Author: pascal@bayes.org
Date: 2016-09-05
Skip the run test because it would take too long to download the dataset.
This notebook provides a quick overview of the Active Job Postings dataset available on the Emploi Store Dev. It is updated every morning (at 6:00 in France) and contains only job postings that are still available on the Pôle Emploi website.
The original file is downloaded using the Python emploi_store
module in the package offres
, the resource named Offres d'emploi
. You can use the make rule to download it:
docker-compose run --rm data-analysis-prepare make data/recent_job_offers.csv
In [1]:
import datetime
from os import path
import pandas as pd
import seaborn as _
from bob_emploi.data_analysis.lib import plot_helpers
DATA_PATH = '../../../data/'
pd.options.display.max_rows = 999
Let's import the file. Although after some tries it seems that some fields benefit from having a type set.
In [2]:
postings = pd.read_csv(
path.join(DATA_PATH, 'recent_job_offers.csv'),
dtype={'POSTCODE': str},
parse_dates=['CREATION_DATE', 'MODIFICATION_DATE'], dayfirst=True, infer_datetime_format=True,
low_memory=False)
postings.columns = postings.columns.str.lower()
In [3]:
postings.head(2).transpose()
Out[3]:
In [4]:
plot_helpers.hist_in_range(postings.creation_date, datetime.datetime(2014, 8, 1));
As expected most job postings don't last more than few months.
How many new ones do we get per day?
In [5]:
postings.creation_date[postings.creation_date > datetime.datetime(2016, 8, 1)].value_counts().plot();
So we get up to 10k job postings per day except during weekend days. Note that this result might be very very seasonal so let's take it as a very large approximation.
In order for our app to suggest actual job offers we would need to get more info that is actually available in this dataset: name of the company, how to contact them, link a job posting from one day's data to another one. This would be easy if we could scrape the job posting that is on Pôle Emploi web pages and make it map this data (or actually only use a daily scrape from web). Note that another way would be to identify the fields we would like to have and ask them to Pôle Emploi (but then it wouldn't be anonymous job postings anymore).
We suggest a solution where we use the CSV to find out the newly created offers, and then a scraper to get the actual data. The advanced search page allows to get 100 job postings with some filters, the results are returned with unique IDs.
If we have data scraped from the web and the CSV downloaded from Emploi Store Dev, how easy would it be to match them? Here are some fields that are available in both datasets:
Let's see if that's enough to do unique matching.
In [6]:
postings['activity_group'] = postings['activity_code'].str[:2]
def _percent_of_uniques(fields, postings):
dupes = postings[postings.duplicated(fields, keep=False)]

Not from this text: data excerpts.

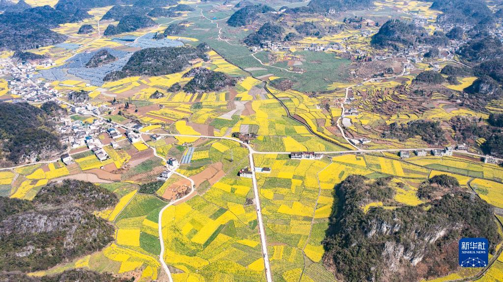 近日,贵州省六盘水市六枝特区木岗镇的16000余亩油菜花竞相绽放,与田地、民居、道路构成了美丽的春日画卷。
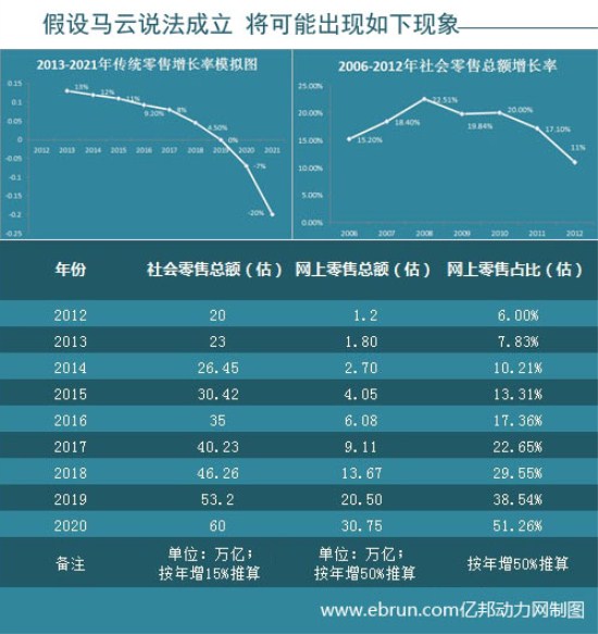 如果2020年網(wǎng)上零售占比達(dá)到50%,傳統(tǒng)零售將在2019年出現(xiàn)負(fù)增長,而在2020年甚至?xí)霈F(xiàn)13%的負(fù)增長。面對這樣幾乎不可能實(shí)現(xiàn)的目標(biāo),馬云的信心可還在?
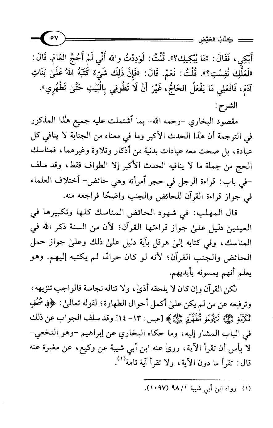 أَبْكِي، فَقَالَ: "مَا يُبْكِيكِ؟ ". قُلْتُ: لَوَدِدْتُ والله أَنِّي لَمْ أَحُجَّ العَامَ. قَالَ: "لَعَلَّكِ نُفِسْتِ؟ ". قُلْتُ: نَعَمْ. قَالَ: "فَإِنَّ ذَلِكَ شَيْءٌ كتَبَهُ اللهُ على بَنَاتِ آدَمَ، فَافْعَلِي مَا يَفْعَلُ الحَاجُّ، غَيْرَ أَنْ لَا تَطُوفِي بِالْبَيْتِ حَتَّى تَطْهُرِي".

return 100 - len(dupes) / len(postings) * 100
'{:.02f}%'.format(_percent_of_uniques(['creation_date', 'rome_profession_code', 'postcode', 'activity_group'], postings))
Out[6]:
So we can de-anonymize more than 85% of job postings. Let's see if we can do a bit better with additional fields.
In [7]:
'{:.02f}%'.format(_percent_of_uniques([
'creation_date',
'rome_profession_code',
'postcode',
'activity_group',
'departement_code',
'contract_type_code',
'annual_minimum_salary',
'annual_maximum_salary',
'qualification_code',
],postings))
Out[7]:
With a lot more work we can de-anonymize 6% more, but I'm not sure it's worth it.
Let's try a de-anonymization manually:
In [8]:
_PE_SEARCH_PAGE = (
'https://candidat.pole-emploi.fr/candidat/rechercheoffres/resultats/'
'A__COMMUNE_{postcode}_5___{activity_group}-_____{rome_profession_code}____INDIFFERENT_______________________')
for s in postings.sample().itertuples():
print(_PE_SEARCH_PAGE.format(s._asdict()))
print(s.creation_date)
Success! This search returns only one exact result and the date matches perfectly.
So we proved it could work for many many job offers, now having that in production is a bit harder as we would need to do daily:
Depending on how fast we can scrape Pôle Emploi this can take a long time.
The dataset of job postings on Pole Emploi Store Dev is indeed anonymized however together with scraping the website we could get most of the info we're after. However given the long scraping time and the final result, it would be way easier if we could get Pôle Emploi to give us the unique ID (half the scraping time) and/or even better, the fields we're after (company name and contact).